One key to understanding cultural patterns is to ask people to describe the system, not evaluate it.
Once we have a richly described cultural landscape, we can find local as well as global cultural patterns, based on multiple observations. Some of these patterns may lead to large-scale interventions that span the organisation e.g. changing the approach to performance management. However more often, these Storyscapes enable us to evolve forwards based on small local actions that form part of a coherent overall direction. By enabling decision-makers across all levels of the organisation to access actual stories from their areas, find relevant patterns and then design local interventions themselves, we effectively enable change leadership across all levels of the organisation. Interventions are based on one simple question:
what do I need to change or do differently to create fewer observations in my are like these, and more like those?
This is a question that someone at board level understands as well as someone on the shop floor. It allows the entire company to evolve the culture into a coherent direction, but with local autonomy in terms of how they do it. It’s also an ungameable process, the only way to change people’s observations or experience is to actually change something in the environment or in the way they interact.
The above is an example of a landscape made up of 100's of narrative fragments collected in a university. The green and blue areas reprensent patterns where the student and staff population's current dispositions are widely divergent. The red represents areas of overlapping dispositions. In this case these were overlapping values that could be leveraged.

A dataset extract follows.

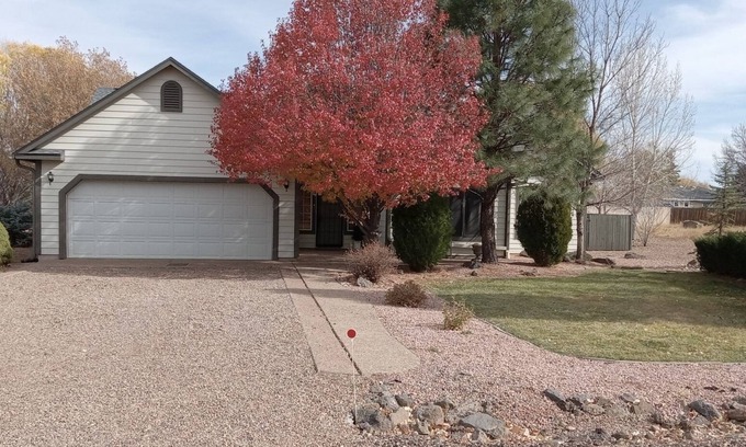Enjoy our modern, open concept 3 bdrm/ 2 bath hm in an upscale gated community in Pinetop-Lakeside with hot tub. This is a lake community with private access to Rainbow Lake(about a 5 minute walk) Kitchen has newer appliances, gas stove, granite countertops. Family room has wood floors leather furniture, 60’ flat screen, with surround sound and Samsung Blue Tooth Music Soundbar. Master bdrm has 50’ flat screen and comfy king size bed. Kids room is a full over full bunk bed with trundle. Also, 50’ flat screen in kids room. Master bath is huge with walk-in shower and heated towel bar. Garage is available to secure equipment and toys and guests have access to use of toys in the garage(kayak, canoe, bikes, etc). Spacious backyard with natural gas grill and back porch for additional relaxation.

A key concept here is the notion of "adjacent possibles" - instead of attempting to coerce or yank the system to our perceived ideal; we map where the system is currently and then look for adjacent possibles, more beneficial patterns that already exist adjacent to current dominant patterns. We then design small interventions to nudge the system towards those adjacent possibles and evolve forwards like "crossing a river by feeling the stones"
These landscapes above represent narrative patterns from different business units within a large organisation. Each unit has it's own unique landscape and adjacent possible, and therefore will implement different small interventions, however direction of evolution is the same.
(These maps were created with Sensemaker® )
So we don’t need complicated (linear) change models, we map the narrative landscape or Storyscape through observations, give decision-makers across all levels of the organisation access to the resulting patterns and underlying stories and ask our simple question.
Notice that we don’t design an ideal culture for a potential future state that might never come about. We evolve forwards from where we are today and learn and adapt as we go.
This is a big mindset shift – for leaders and practitioners alike. It challenges our need for control and the plans and linear processes we are so comfortable with. However, in today's every-changing environment, we need to create cultures that are resilient and continually evolving. And to refer again to our opening analogy, we need leaders who are more like landscapers (or Storyscapers) than chess masters.
What are the axes in the coloured "landscape" diagram above?